■ **Task material**:
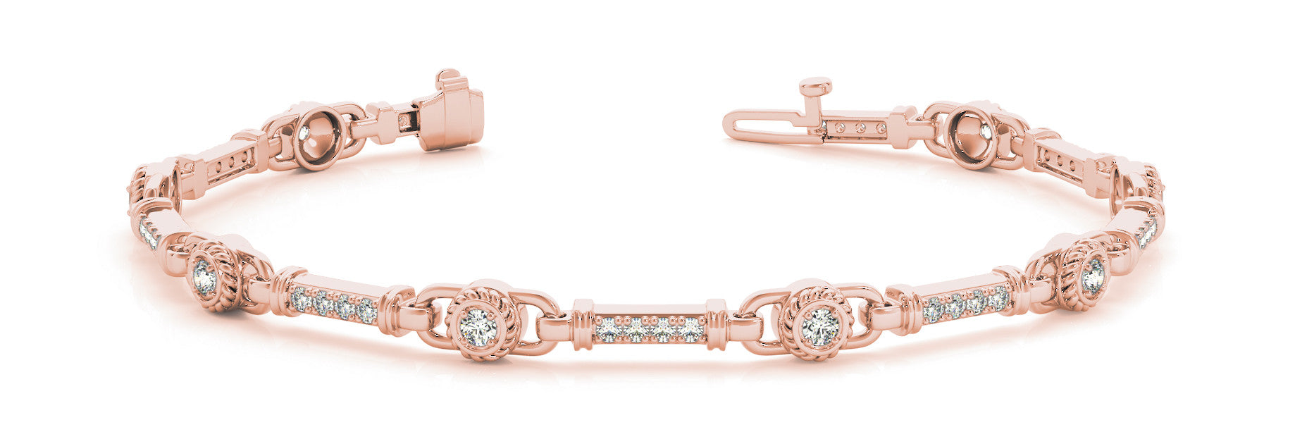 Rose gold Round Bezel-Set Diamond Tennis Bracelet with Pave Band
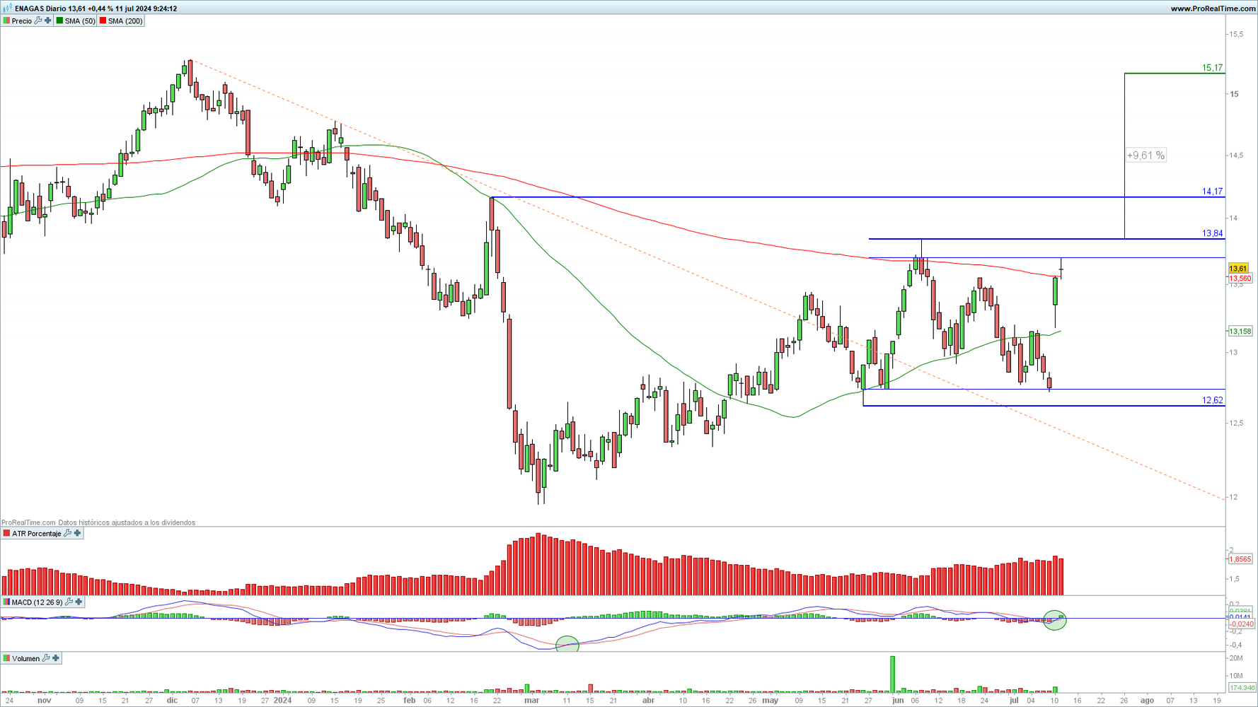 Enagás (ENG) en gráfico diario con Rango de amplitud medio en porcentaje (ventana superior) MACD (ventana central) y volumen de negociación (ventana inferior)
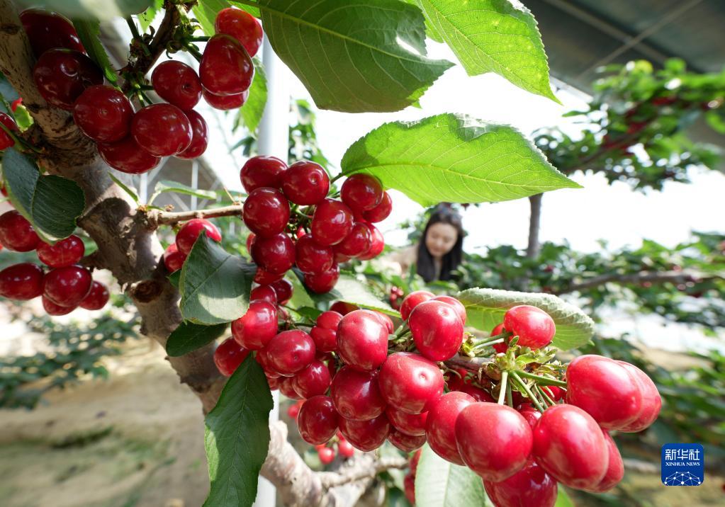 3月28日,游客在秦皇岛市海港区海阳镇常香苑家庭农场的大棚内采摘樱桃。
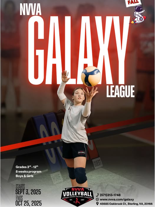 Youth Academy Galaxy League NVVA Camps Club Volleyball Adult Volleyball Beach Volleyball Tournaments Galaxy League Galaxy League NVVA Welcome to your volleyball journey GALAXY LEAGUE 8week program twice a week for beginner and intermediate boys and girls grades 3 12 YOUTH ACADEMY Onceaweek program on Sun Mon Wed for beginners boys and girls ages 5 16 XPERFORMANCE Club Volleyball Program for intermediate and advanced athletes ages 12 to 18 LOUDOUN YOUTH VOLLEYBALL Compete in the largest youth volleyball league in Northern Virginia. For girls and boys ages 1117. NVVA PLUS Weekly skill classes for beginner intermediate and advanced boys and girls grades 6 12 VOLLEYBALL CAMPS Weeklong volleyball training for beginner intermediate and advanced boys and girls grades 3 12 BEACH VOLLEYBALL LESSONS INDOOR VOLLEYBALL LESSONS ADULT LEAGUE Super Nova League and Adult Open Gym ADULT BEACH LEAGUES Play in our indoor volleyball court NORTHERN VIRGINIA CLUB LEAGUE Join our mailing list. Thanks for subscribing.
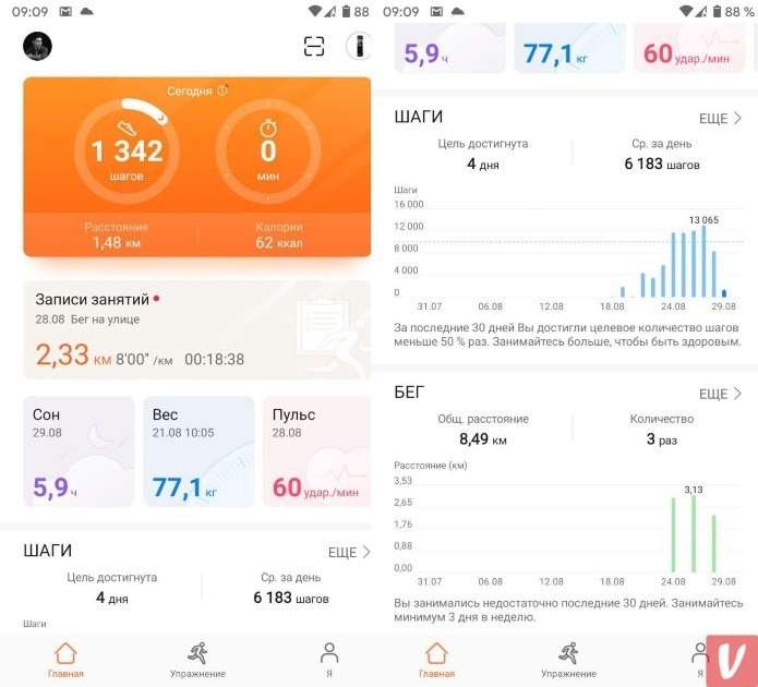 Девайс способен вести непрерывный мониторинг пульса, по итогам которого в приложении отображается статистика с наглядными графиками, включая схемы изменения ЧСС во время тренировок.
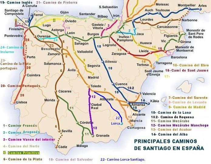 Si no, vean este mapa de los Caminos de Santiago en España:
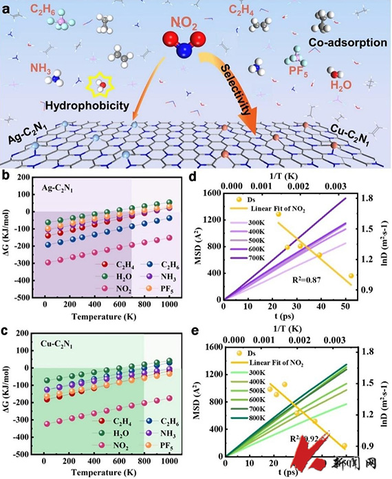 據了解,為避免鋰電池在極端條件下產生熱失穩問題而造成影響,亟需一種高靈敏度、高選擇性的氣體傳感器對電池熱失穩前釋放的微量氣體NO2、PF5和NH3等進行預警。該研究采用第一性原理計算方法,利用Cu和Ag修飾的碳氮單層材料(Cu/Ag-C2N1)對多種危險性氣體共存環境進行了氣敏性能分析。研究表明,基于態密度計算,Cu-C2N1材料對NO2表現出高選擇性和敏感響應,并且有效避免了濕度的干擾。此外,該研究強調了吉布斯自由能和愛因斯坦擴散方程在分析氣體傳感器應用范圍和氣體擴散活化能壘上的重要作用。同時,在不影響選擇性、響應性和穩定性的情況下,過渡金屬相對于貴金屬擁有成本上的優勢。該研究為設計高選擇性氣體傳感器和深入理解氣固界面相互作用機理提供了新思路。

■ **What you need to do**: Reproduce, with the pictures omitted, exactly those lines that run from the line with "Si no, vean" to the last line of the material, both ends included.

■ **Expected output**:
 Si no, vean este mapa de los Caminos de Santiago en España:
 據了解,為避免鋰電池在極端條件下產生熱失穩問題而造成影響,亟需一種高靈敏度、高選擇性的氣體傳感器對電池熱失穩前釋放的微量氣體NO2、PF5和NH3等進行預警。該研究采用第一性原理計算方法,利用Cu和Ag修飾的碳氮單層材料(Cu/Ag-C2N1)對多種危險性氣體共存環境進行了氣敏性能分析。研究表明,基于態密度計算,Cu-C2N1材料對NO2表現出高選擇性和敏感響應,并且有效避免了濕度的干擾。此外,該研究強調了吉布斯自由能和愛因斯坦擴散方程在分析氣體傳感器應用范圍和氣體擴散活化能壘上的重要作用。同時,在不影響選擇性、響應性和穩定性的情況下,過渡金屬相對于貴金屬擁有成本上的優勢。該研究為設計高選擇性氣體傳感器和深入理解氣固界面相互作用機理提供了新思路。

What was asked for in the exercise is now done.